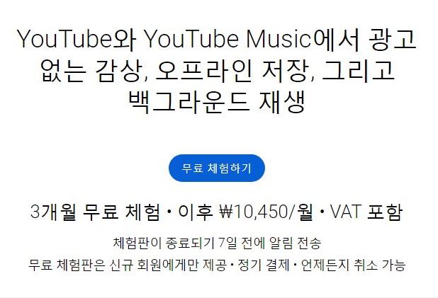 유튜브 프리미엄 가격은 월 10450 (VAT 포함)입니다.
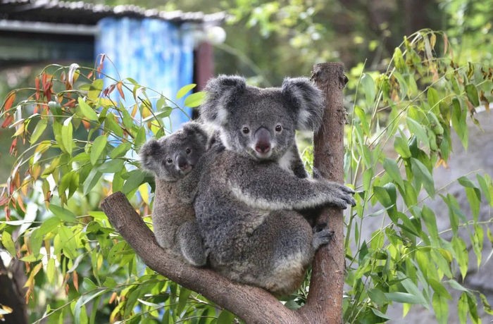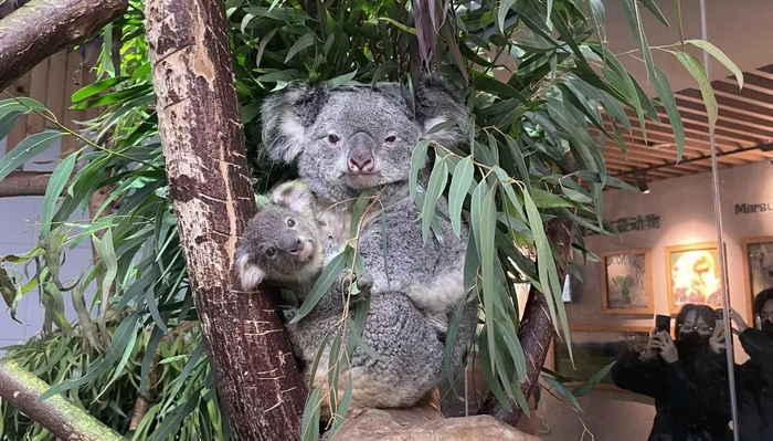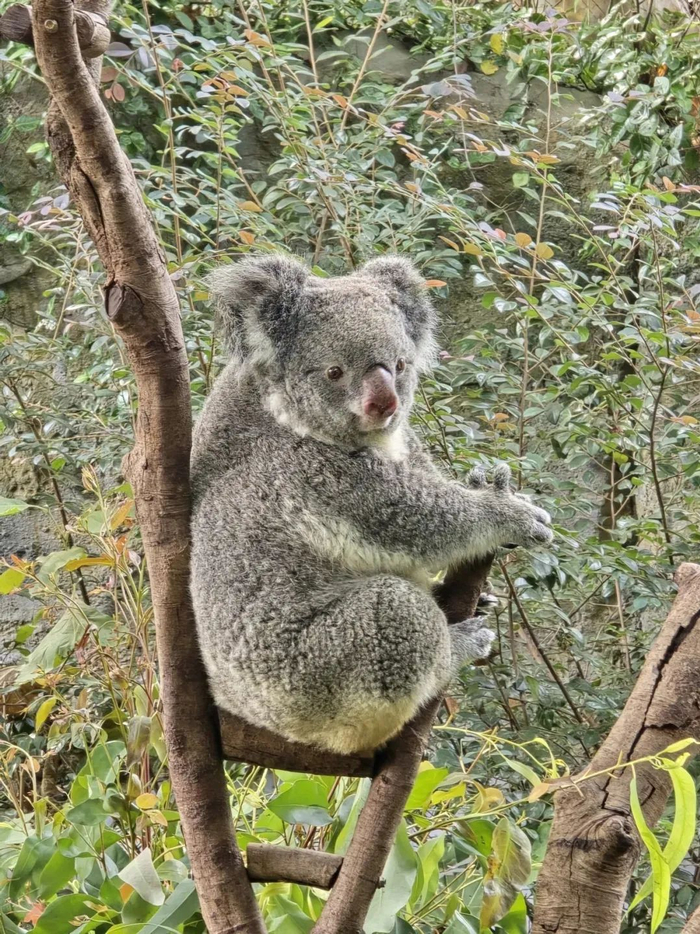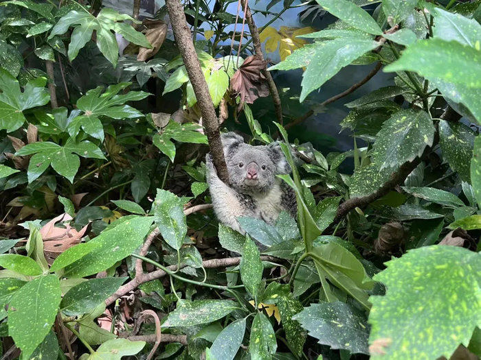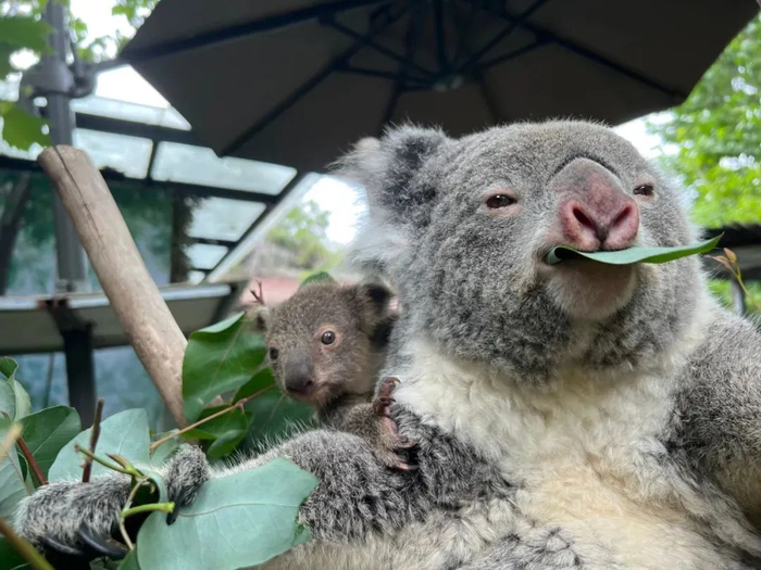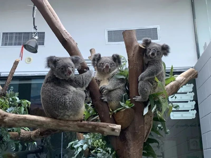 像考拉的个性一样,平淡的小日子也迎来了稳稳的幸福。2018年5月下旬,饲养员开始观察到茉莉的育儿袋有胎动,为了保证第一次妊娠和育幼的茉莉母子健康,我们将展厅的参观面拉上了帘子,为他们母子营造了一个安静的环境。8月20日,茉莉梧桐的第一个宝贝“柠檬”正式与游客见面。那是我们第一次见到刚出袋活动的考拉宝宝,柠檬就像是迷你版的茉莉,清秀可爱,又多了一些稚嫩。茉莉背着柠檬在树杈上晒太阳的画面让我们感叹太过美好。接着柚子、金桔、橙子、青柑、六宝相继出生,简单的二人世界渐渐变成了热闹的小家庭,爱和温柔充满了考拉家的花园。
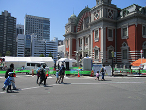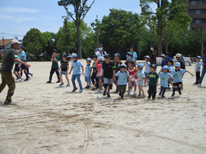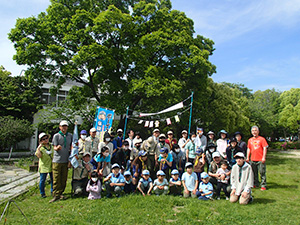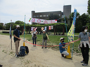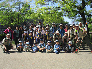 GW行事第2弾、恒例セブンアワートライアル。今回は大阪城〜大物公園までの16kmに挑戦。集合場所の大物公園から足慣らしでJR尼崎駅に移動。電車で大阪城公園まで移動。観光客でいっぱいの大阪城から五月晴れの心地良い風に吹かれて5つのグループに分かれて歩き始めました。天満橋から天神橋、イベントで賑わう中之島公園を軽やかに歩き、予定より早く下福島公園に到着、ここで昼食です。前回は雨の中、立ったまま濡れながらおにぎりを食べましたが、今回は全くの正反対。食後、出発し阪神野田駅でリタイヤ組と別れる予定でしたが、ギャング・幼児組とも続行を宣言そのまま歩きました。760mの淀川大橋、神崎大橋、左門殿橋を渡ると見慣れた尼崎のまちなみです。大物公園ではゴールゲートの設置も終り到着を待っています。そして、14:20大物公園に帰着、栄光のゴールゲートを参加36名全員がくぐりました。疲れましたがいい気持ちです。閉会式のあと新入隊員の「やくそく」をしました。今回2回目の参加で歩き通した元気な男の子です。(K3)
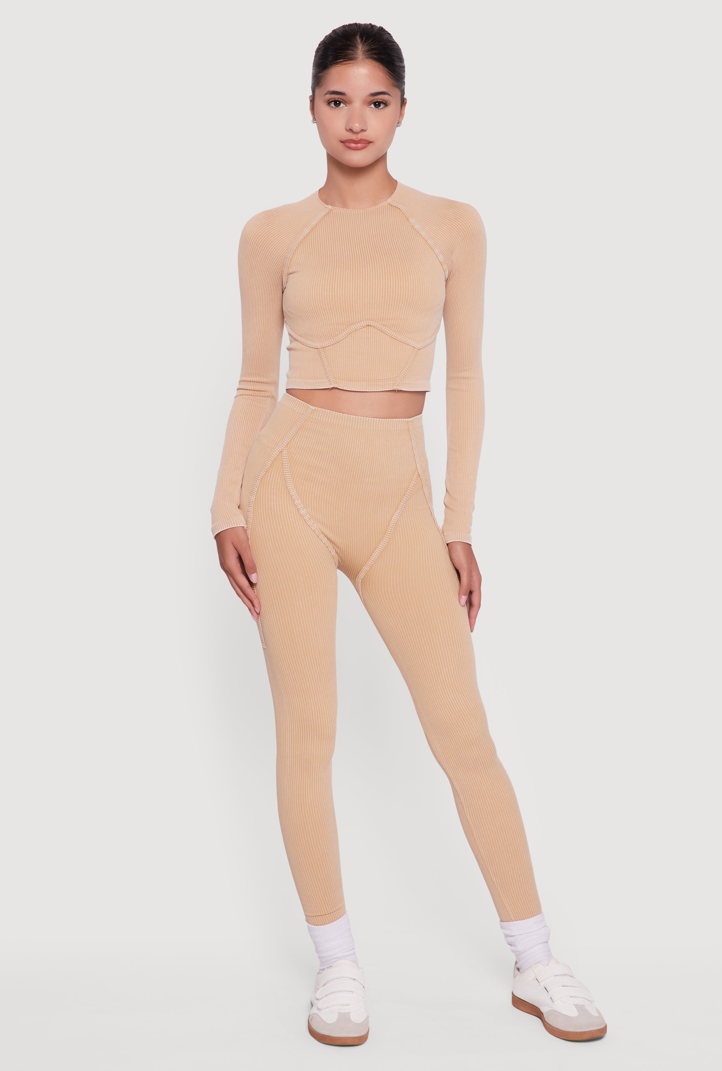 Acid Wash Ribbed Knit Decorative Stitch Active Crop Top
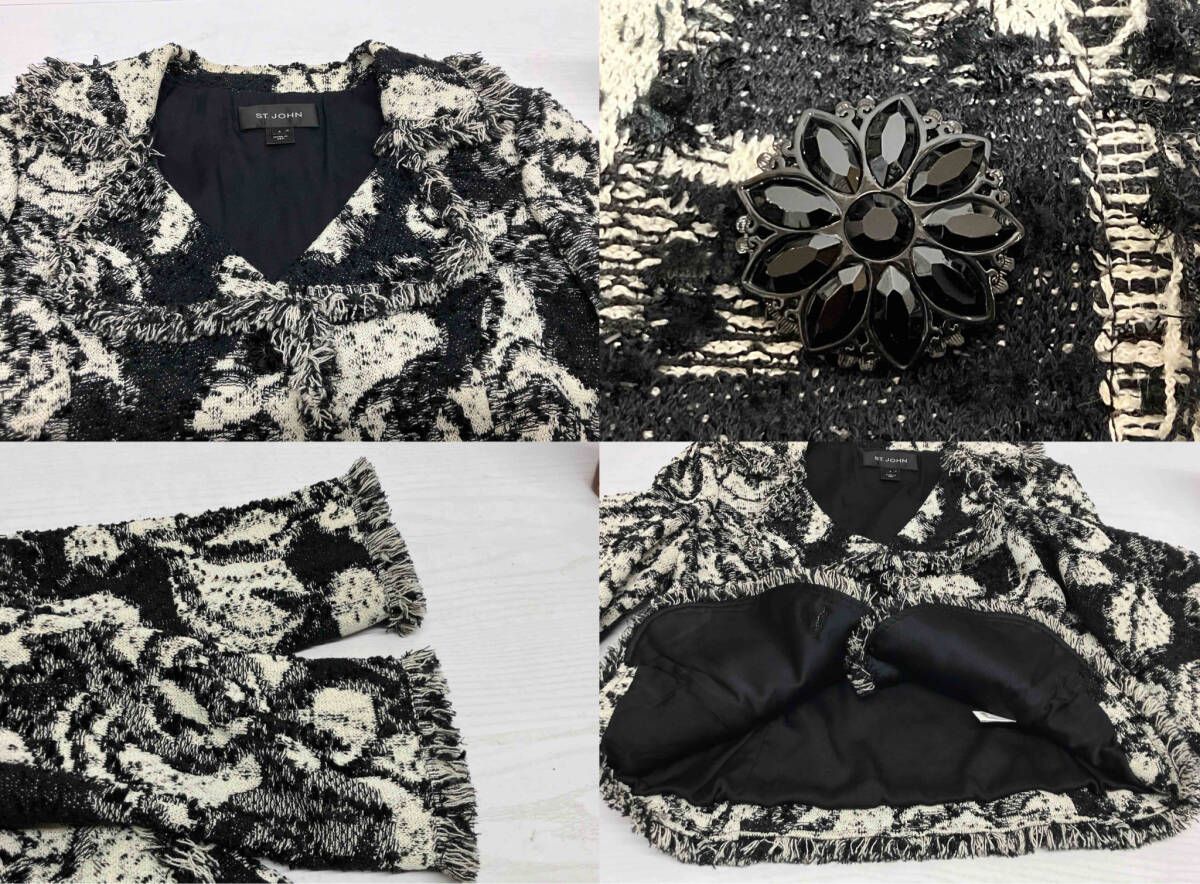 St. John セントジョン ジャケット ジャガード アメリカ製 表記サイズ 4 ブラック ホワイト フリンジ ラメ 通年の
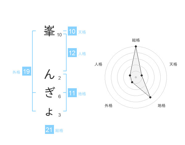 峯 んぎょさんの総格は21画の5点!
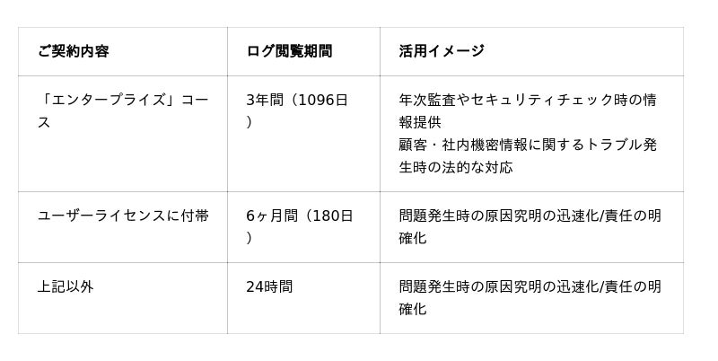 内部統制や監査対応が必要な企業様には、3年間のログ保存が可能な「エンタープライズ」コースを推奨いたします。
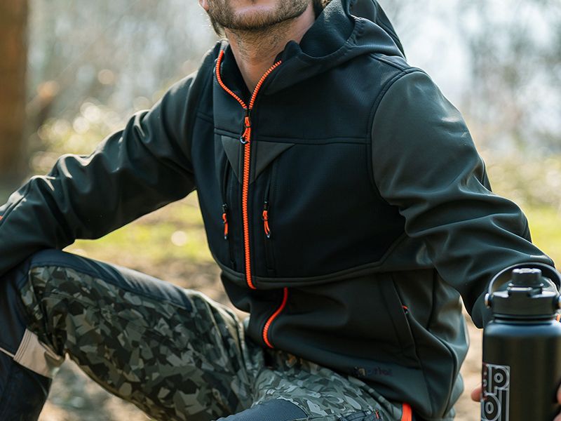 96 % poliester softshell, 4 % elastan 320 g/m2 zaštita od vjetra (WIND PROOF), zaštita od hladnoće (COLD PRROF) water repellent završna obrada tkanine ušivena kapuljača , unutrašnjost obložena fleece materijalom dva okomita džep na patent u visini grudi veliki cargo džepovi na patent u području zgloba sužena elastična manžeta koja sprječava ulaz hladnog zraka dodatna zaštita ispod patentna za smanjeni ulazak hladnog zraka
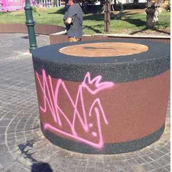 Tal es el caso del más tradicional espacio público de nuestra ciudad, la Plaza Arturo Prat, que amaneció con una de sus bases para áreas verdes rayada con un graffiti tipo tag, lo mismo que una estructura de concreto del lugar. El hecho, ocurre a sólo tres días de los mencionados trabajos de Aseo y Ornato municipal.
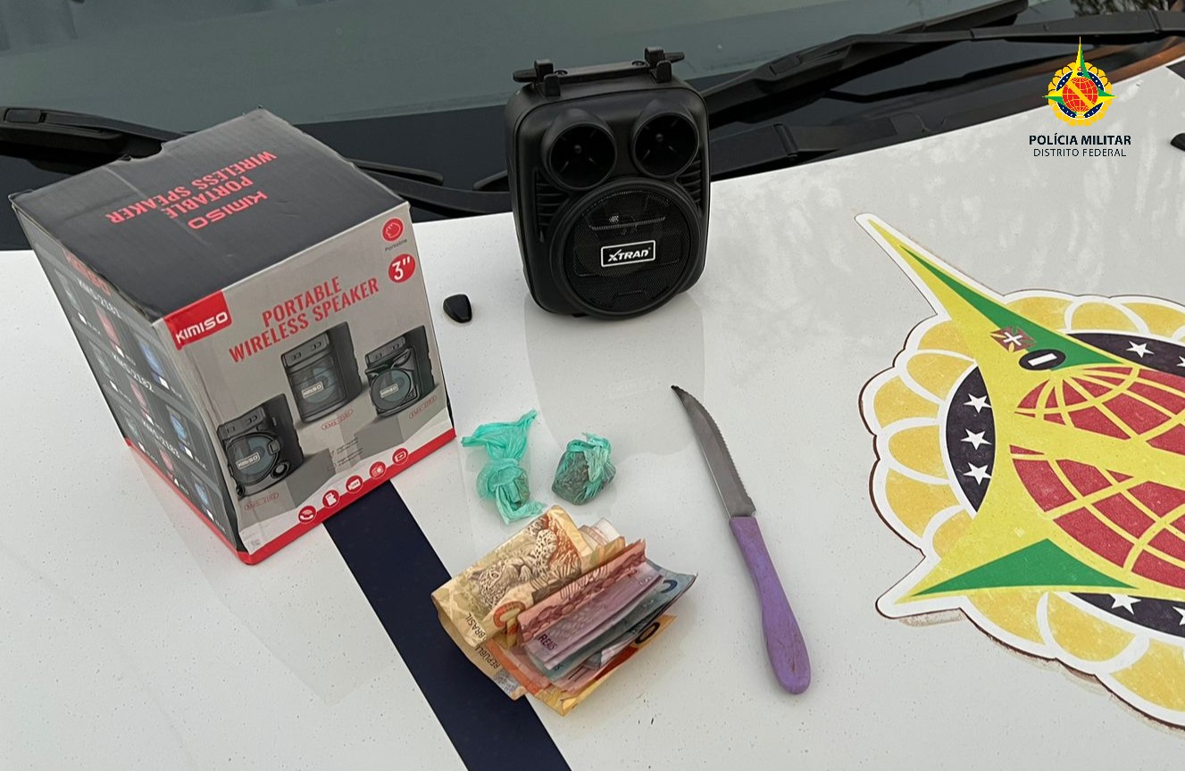 Dentre os objetos apreendidos, havia uma caixa de som portátil de procedência desconhecida, uma pequena faca de serra, além de R$ 102,00 em dinheiro. Os policiais também localizaram uma porção de maconha e outra de crack, que estavam escondidas na alça de uma mochila.
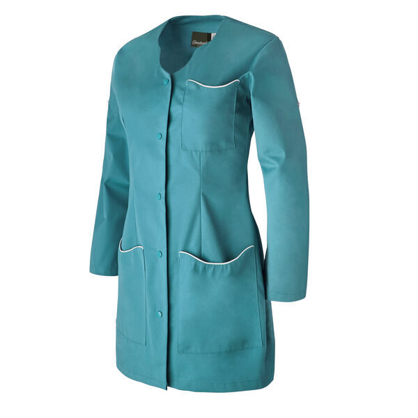 Tunique femme. Encolure fantaisie ton sur ton. Fermeture milieu devant par 5 pressions ton sur ton. 2 poches basses plaquées avec passepoil contrasté. Manches transformables. Coupe cintrée. Longueur : 80 cm.
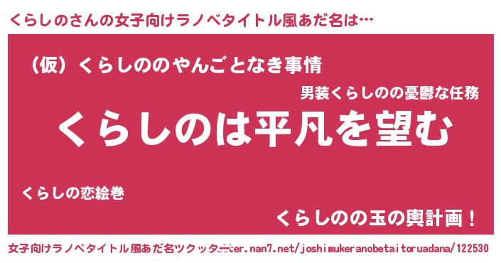 | 意味不明あだ名 | 『とにかく怪しいくらしの』 |

____

Could you repeat, exactly and with nothing added, the lines from the top of the entries above through the line that holds "Tal es el caso", leaving out any pictures?

 유튜브 프리미엄 가격은 월 10450 (VAT 포함)입니다.
 像考拉的个性一样,平淡的小日子也迎来了稳稳的幸福。2018年5月下旬,饲养员开始观察到茉莉的育儿袋有胎动,为了保证第一次妊娠和育幼的茉莉母子健康,我们将展厅的参观面拉上了帘子,为他们母子营造了一个安静的环境。8月20日,茉莉梧桐的第一个宝贝“柠檬”正式与游客见面。那是我们第一次见到刚出袋活动的考拉宝宝,柠檬就像是迷你版的茉莉,清秀可爱,又多了一些稚嫩。茉莉背着柠檬在树杈上晒太阳的画面让我们感叹太过美好。接着柚子、金桔、橙子、青柑、六宝相继出生,简单的二人世界渐渐变成了热闹的小家庭,爱和温柔充满了考拉家的花园。
 GW行事第2弾、恒例セブンアワートライアル。今回は大阪城〜大物公園までの16kmに挑戦。集合場所の大物公園から足慣らしでJR尼崎駅に移動。電車で大阪城公園まで移動。観光客でいっぱいの大阪城から五月晴れの心地良い風に吹かれて5つのグループに分かれて歩き始めました。天満橋から天神橋、イベントで賑わう中之島公園を軽やかに歩き、予定より早く下福島公園に到着、ここで昼食です。前回は雨の中、立ったまま濡れながらおにぎりを食べましたが、今回は全くの正反対。食後、出発し阪神野田駅でリタイヤ組と別れる予定でしたが、ギャング・幼児組とも続行を宣言そのまま歩きました。760mの淀川大橋、神崎大橋、左門殿橋を渡ると見慣れた尼崎のまちなみです。大物公園ではゴールゲートの設置も終り到着を待っています。そして、14:20大物公園に帰着、栄光のゴールゲートを参加36名全員がくぐりました。疲れましたがいい気持ちです。閉会式のあと新入隊員の「やくそく」をしました。今回2回目の参加で歩き通した元気な男の子です。(K3)
 Acid Wash Ribbed Knit Decorative Stitch Active Crop Top
 St. John セントジョン ジャケット ジャガード アメリカ製 表記サイズ 4 ブラック ホワイト フリンジ ラメ 通年の
 峯 んぎょさんの総格は21画の5点!
 内部統制や監査対応が必要な企業様には、3年間のログ保存が可能な「エンタープライズ」コースを推奨いたします。
 96 % poliester softshell, 4 % elastan 320 g/m2 zaštita od vjetra (WIND PROOF), zaštita od hladnoće (COLD PRROF) water repellent završna obrada tkanine ušivena kapuljača , unutrašnjost obložena fleece materijalom dva okomita džep na patent u visini grudi veliki cargo džepovi na patent u području zgloba sužena elastična manžeta koja sprječava ulaz hladnog zraka dodatna zaštita ispod patentna za smanjeni ulazak hladnog zraka
 Tal es el caso del más tradicional espacio público de nuestra ciudad, la Plaza Arturo Prat, que amaneció con una de sus bases para áreas verdes rayada con un graffiti tipo tag, lo mismo que una estructura de concreto del lugar. El hecho, ocurre a sólo tres días de los mencionados trabajos de Aseo y Ornato municipal.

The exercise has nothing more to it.